Raets, Lore; Van Doninck, Lore; Van Crombrugge, Paul; Moyson, Carolien; Verhaeghe, Johan; Vandeginste, Sofie; Verlaenen, Hilde; Vercammen, Chris; Maes, Toon; Dufraimont, Els; Roggen, Nele; De Block, Christophe; Jacquemyn, Yves; Mekahli, Farah; De Clippel, Katrien; Van Den Bruel, Annick; Loccufier, Anne; Laenen, Annouschka; Devlieger, Roland; Mathieu, Chantal; Benhalima, Katrien.
Afiliación
  • Raets L; Department of Endocrinology, University Hospital Gasthuisberg, KU Leuven, Leuven, Belgium.
  • Van Doninck L; Medicine, KU Leuven, Leuven, Belgium.
  • Van Crombrugge P; Department of Endocrinology, Onze-Lieve-Vrouwziekenhuis (OLV) Ziekenhuis Aalst-Asse-Ninove, Aalst, Belgium.
  • Moyson C; Department of Endocrinology, University Hospital Gasthuisberg, KU Leuven, Leuven, Belgium.
  • Verhaeghe J; Department of Obstetrics & Gynecology, Universitair Ziekenhuis (UZ) Gasthuisberg, KU Leuven, Leuven, Belgium.
  • Vandeginste S; Department of Obstetrics & Gynecology, Onze-Lieve-Vrouwziekenhuis (OLV) Ziekenhuis Aalst-Asse-Ninove, Aalst, Belgium.
  • Verlaenen H; Department of Obstetrics & Gynecology, Onze-Lieve-Vrouwziekenhuis (OLV) Ziekenhuis Aalst-Asse-Ninove, Aalst, Belgium.
  • Vercammen C; Department of Endocrinology, Imelda Ziekenhuis, Bonheiden, Belgium.
  • Maes T; Department of Endocrinology, Imelda Ziekenhuis, Bonheiden, Belgium.
  • Dufraimont E; Department of Obstetrics & Gynecology, Imelda Ziekenhuis, Bonheiden, Belgium.
  • Roggen N; Department of Obstetrics & Gynecology, Imelda Ziekenhuis, Bonheiden, Belgium.
  • De Block C; Department of Endocrinology-Diabetology-Metabolism, Antwerp University Hospital, Edegem, Belgium.
  • Jacquemyn Y; Department of Obstetrics & Gynecology, Antwerp University Hospital, Edegem, Belgium.
  • Mekahli F; Antwerp Surgical Training, Anatomy and Research Centre (ASTARC) and Global Health Institute (GHI), Antwerp University University of Antwerp (UA), Antwerp, Belgium.
  • De Clippel K; Department of Endocrinology, Kliniek St-Jan Brussel, Brussel, Belgium.
  • Van Den Bruel A; Department of Obstetrics & Gynecology, Kliniek St-Jan Brussel, Brussel, Belgium.
  • Loccufier A; Department of Endocrinology, Algemeen Ziekenhuis (AZ) St. Jan Brugge, Brugge, Belgium.
  • Laenen A; Department of Obstetrics & Gynecology, Algemeen Ziekenhuis (AZ) St.
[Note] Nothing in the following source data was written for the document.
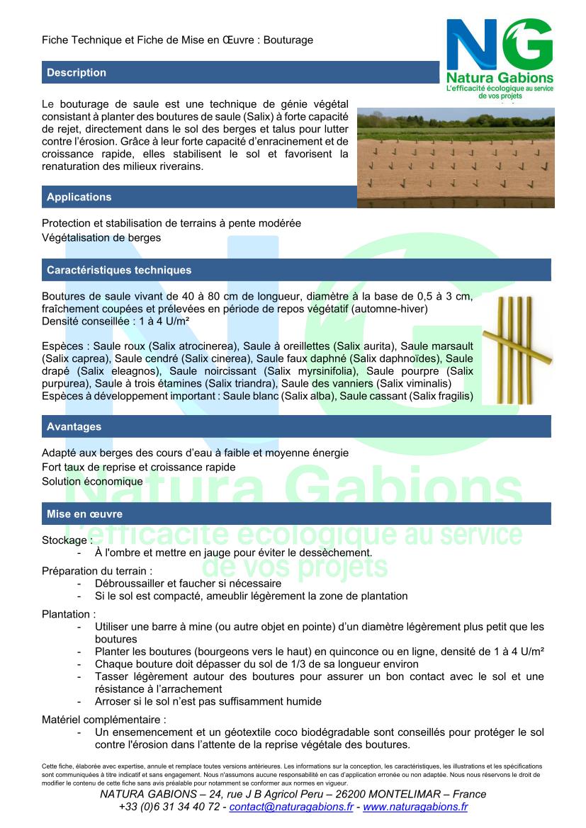 Les techniques à base de saule (boutures, fascines, tressage, lits de plants, couches de branches, caissons végétalisés) constituent différentes solutions complètes pour la lutte contre l’érosion et la stabilisation des sols. Elles combinent :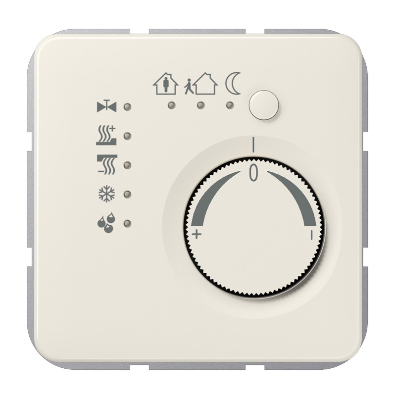 mit integrierter Tasterschnittstelle 4fach mit Stellrad zur Sollwertverstellung Die volle Funktionalität wird ab ETS3.0d oder höher unterstützt. ETS-Produktfamilie Phys. Sensoren Produkttyp Temperatur Bestimmungsgemäßer Gebrauch Einzelraum-Temperaturregelung in KNX-Installationen Lastarten Binärausgang: LED oder elektronische Relais Montage in Gerätedose mit Abmessungen nach DIN 49073 Produkteigenschaften Integrierter Busankoppler Messung der Raumtemperatur und Vergleich mit Soll-Temperatur Sollwert-Vorgabe durch Wahl der Betriebsart Betriebsarten Komfort, Standby, Nachtbetrieb, Frost-/Hitzeschutz Heiz- und Kühlbetrieb Heizen und Kühlen mit Grund- und Zusatzstufe Stellrad zur Sollwert-Korrektur Präsenz-Taste Status-LEDs Tasterschnittstelle mit vier Eingängen oder zwei Ausgängen und zwei Eingängen, z.B. für Fensterkontakte, Taster, LED etc. Funktion der Eingänge: Schalten, Dimmen, Jalousiesteuerung, Lichtszenen-Nebenstelle, Helligkeits- oder Temperatur-Wertgeber Optional: Externer Temperaturfühler anschließbar (Art.-Nr.: FF NTC) KNX Medium: TP 256 Nennspannung KNX: DC 21 ... 32 V SELV Stromaufnahme KNX: max. 10 mA Anschluss KNX: Anschlussklemme Umgebungstemperatur: -5 ... +45 °C Lager-/Transporttemperatur: -25 ... +70 °C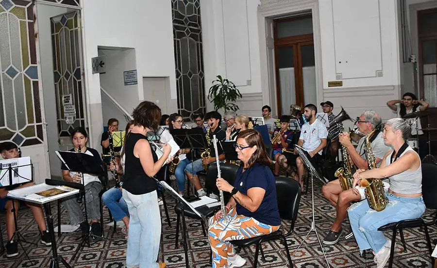 Después de la enriquecedora experiencia de los conciertos itinerantes por plazas y barrios de la ciudad a fines de febrero, esta semana la Banda Municipal de Saladillo que dirige Julieta Ugartemendía comenzó sus ensayos abiertos en el hall del Municipio.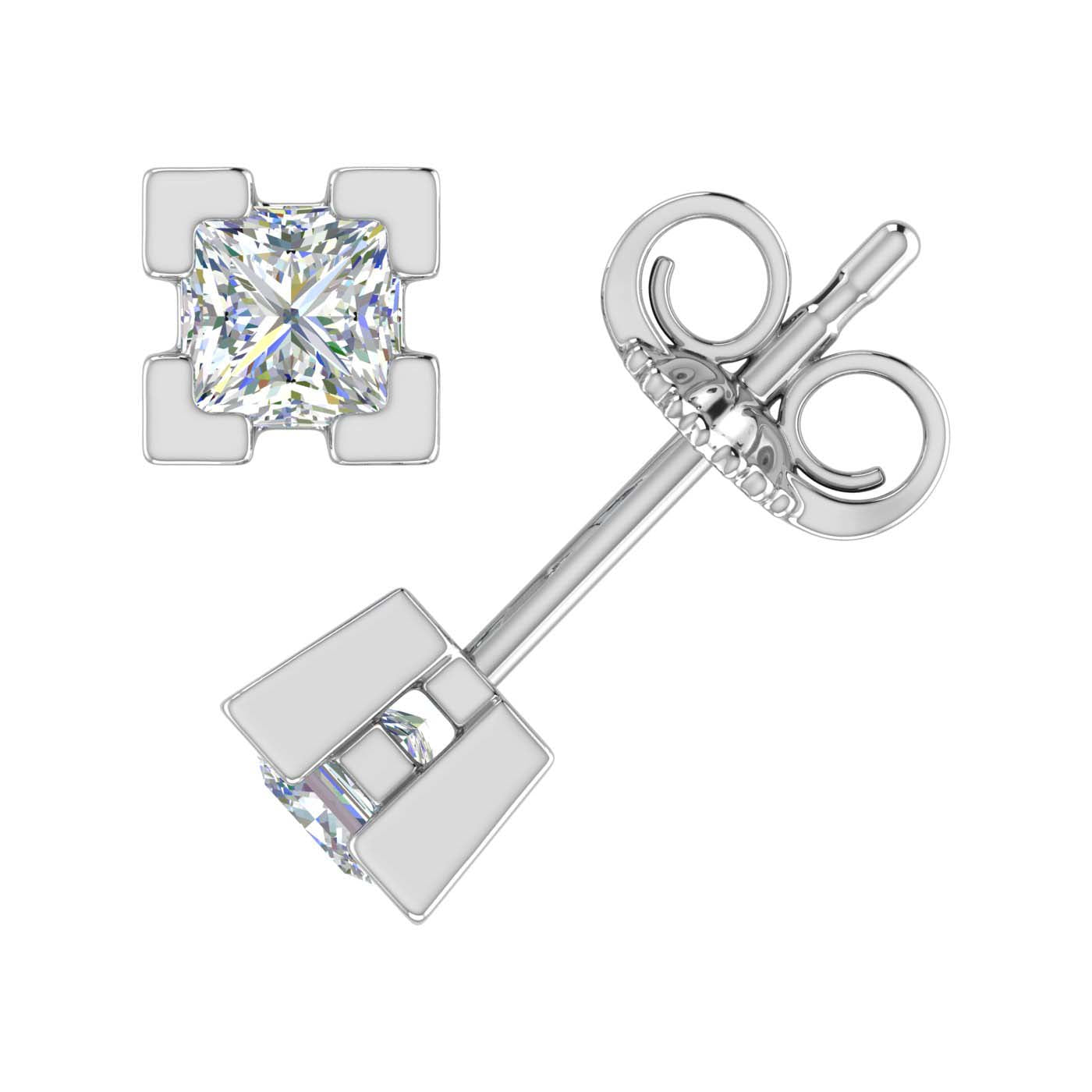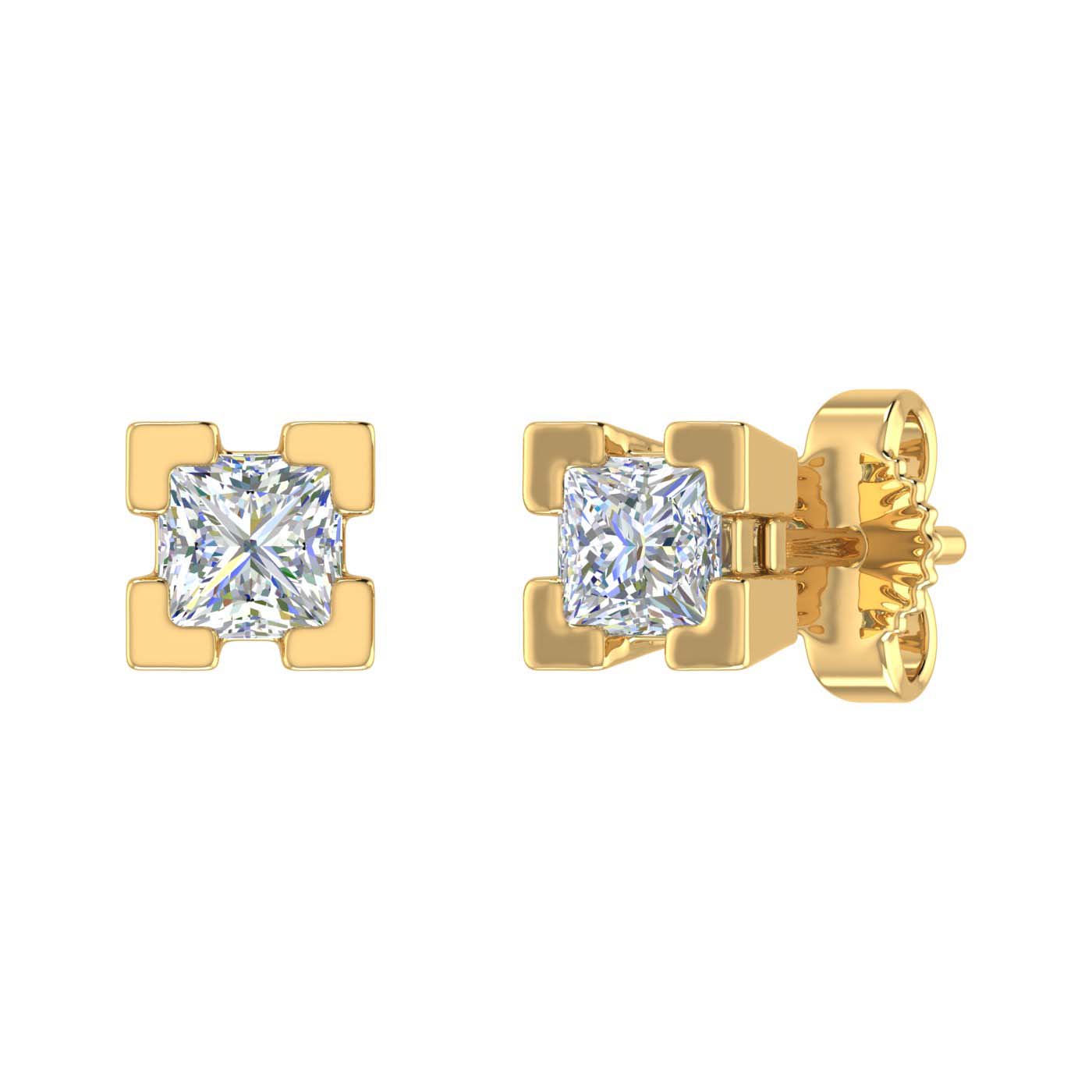 1/2 Carat 4-Prong Set Princess Cut Diamond Stud Earrings in Gold

Jan Brugge, Brugge, Belgium.
  • Devlieger R; Center of Biostatics and Statistical bioinformatics, KU Leuven, Leuven, Belgium.
  • Mathieu C; Department of Obstetrics & Gynecology, Universitair Ziekenhuis (UZ) Gasthuisberg, KU Leuven, Leuven, Belgium.
  • Benhalima K; Department of Endocrinology, University Hospital Gasthuisberg, KU Leuven, Leuven, Belgium.
Front Endocrinol (Lausanne) ; 14: 1186339, 2023.
Article en En | MEDLINE | ID: mdl-37334297
ABSTRACT

Background:

Data are limited on pregnancy outcomes of normal glucose tolerant (NGT) women with a low glycemic value measured during the 75g oral glucose tolerance test (OGTT). Our aim was to evaluate maternal characteristics and pregnancy outcomes of NGT women with low glycemia measured at fasting, 1-hour or 2-hour OGTT.

Methods:

The Belgian Diabetes in Pregnancy-N study was a multicentric prospective cohort study with 1841 pregnant women receiving an OGTT to screen for gestational diabetes (GDM). We compared the characteristics and pregnancy outcomes in NGT women according to different groups [(<3.9mmol/L), (3.9-4.2mmol/L), (4.25-4.4mmol/L) and (>4.4mmol/L)] of lowest glycemia measured during the OGTT. Pregnancy outcomes were adjusted for confounding factors such as body mass index (BMI) and gestational weight gain.

Results:

Of all NGT women, 10.7% (172) had low glycemia (<3.9 mmol/L) during the OGTT. Women in the lowest glycemic group (<3.9mmol/L) during the OGTT had compared to women in highest glycemic group (>4.4mmol/L, 29.9%, n=482), a better metabolic profile with a lower BMI, less insulin resistance and better beta-cell function. However, women in the lowest glycemic group had more often inadequate gestational weight gain [51.1% (67) vs. 29.5% (123); p<0.001]. Compared to the highest glycemia group, women in the lowest group had more often a birth weight <2.5Kg [adjusted OR 3.41, 95% CI (1.17-9.92); p=0.025].

Conclusion:

Women with a glycemic value <3.9 mmol/L during the OGTT have a higher risk for a neonate with birth weight < 2.5Kg, which remained significant after adjustment for BMI and gestational weight gain.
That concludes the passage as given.